To Boost New York City, Rebuild the Original Penn Station

The monumental 1910 station can be rebuilt — without too much cost or fuss, and without disrupting current train service.

Pennsylvania Station in 1962. Library of Congress via Wikimedia Commons

No single construction project would do more to elevate New York City’s future than rebuilding Pennsylvania Station in its original form. 

The station opened in 1910 to immediate acclaim as the greatest railroad terminal in the world. It was built in the Beaux Arts style to last for centuries, but was demolished a mere 50 years later, an act of cultural vandalism that left a hole in the heart of Manhattan. It has existed ever since. 

“One entered the city like a god,” historian Vincent Scully said, “one scuttles in now like a rat.”

ReThinkNYC, which argues that the station can and should be rebuilt, has just submitted a 73-page report recommending this step to the Empire State Development Corporation. Its conclusion reads: “New York City, a titan in banking, finance, the arts, and entertainment, must rebuild Penn Station, especially after the disproportionate impact on New York City of the Covid crisis, if it is to continue to play a leadership role in the 21st century.” 

The report adds that overcoming “the absurd anomaly of a world-class city with its most important transit hub confined to the basement of a hockey rink is one of the most important land-use decisions New York will face for perhaps the next 100 years.”

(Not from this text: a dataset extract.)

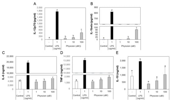 Physcion increased cytokine secretions by BMDCs. ELISA analysis of the cytokines, (A) IL-12p70, (B) IL-1 beta, (C) IL-6, (D) TNF-α, and (E) IL-10, secreted by LPS or physcion-treated BMDCs. Experiments were repeated twice. a, b, c, and d: different letters indicate significant differences (p < 0.05) as determined by one-way ANOVA with Duncan’s multiple-range test.

And indeed the station can be rebuilt — without too much cost or fuss, and without disrupting current train service. What remains intact today is extensive: the trackage, the platforms, and the infrastructure that upholds the elements that oppress 600,000 passengers a day: the concourses, the waiting areas, and Madison Square Garden. To rebuild Penn Station requires only that those be removed and replaced by a reconstruction of the head house and train shed, designed by Charles Follen McKim of the firm of McKim, Mead & White. 

A full set of blueprints remains. Modern technology can reproduce the original scale and ornament that once wowed the world.

Of course, it will take more than high civic aspirations and high technology to remove Madison Square Garden from its super-squat atop Penn Station. Perhaps the primary challenge to the proposal is political rather than technological, let alone spiritual. 

The wealthy Dolan family, whose lease extension on the MSG facility runs out next year, shows no sign of interest in moving, even though the state itself has requested its relocation. ReThinkNYC suggests several locations that could accommodate a rebuilt Garden nearby.

A rebuilt Penn Station would blend the beauty of the original with features that today’s passengers and tourists would expect, including shops, restaurants, and other amenities updated for the 21st century traveler. Some argue that we already have a beautiful station: Grand Central Terminal. True enough, and blessedly so. But few recall the grandeur of Penn Station. 

The plan to rebuild Penn Station in its original style was first proposed by architect Richard Cameron, and is featured in a broader plan by ReThinkNYC to transform regional rail with the sort of through-running trackage that serves most advanced stations worldwide.

A rebuilt Penn Station would be merely the beginning of a transformation in Midtown that would dwarf the benefits and the cost of the Empire Station Complex proposed for the area by Governor Cuomo and his successor. This ridiculous, 1960s-style urban renewal plan to surround Penn Station with skyscrapers has been condemned by many local civic leaders, politicians, and advocacy groups.

If New York rejects that plan, imagine a rebuilt Penn sitting next to both the Moynihan Train Hall, opened in 1914 as a post office, and the surviving Hotel Pennsylvania (slated for demolition, but the legal battle to save it rages), with Madison Square Garden relocated and rebuilt nearby in its original style by Stanford White. It would create an urban paradise of four buildings by McKim, Mead & White. 

Fitting the great city into an architectural style that reflects the tastes of most Americans, this would create a template for future development in the neighborhood and beyond, bending the city’s future toward what New Yorkers think of when they think of the New York that once was and can be again.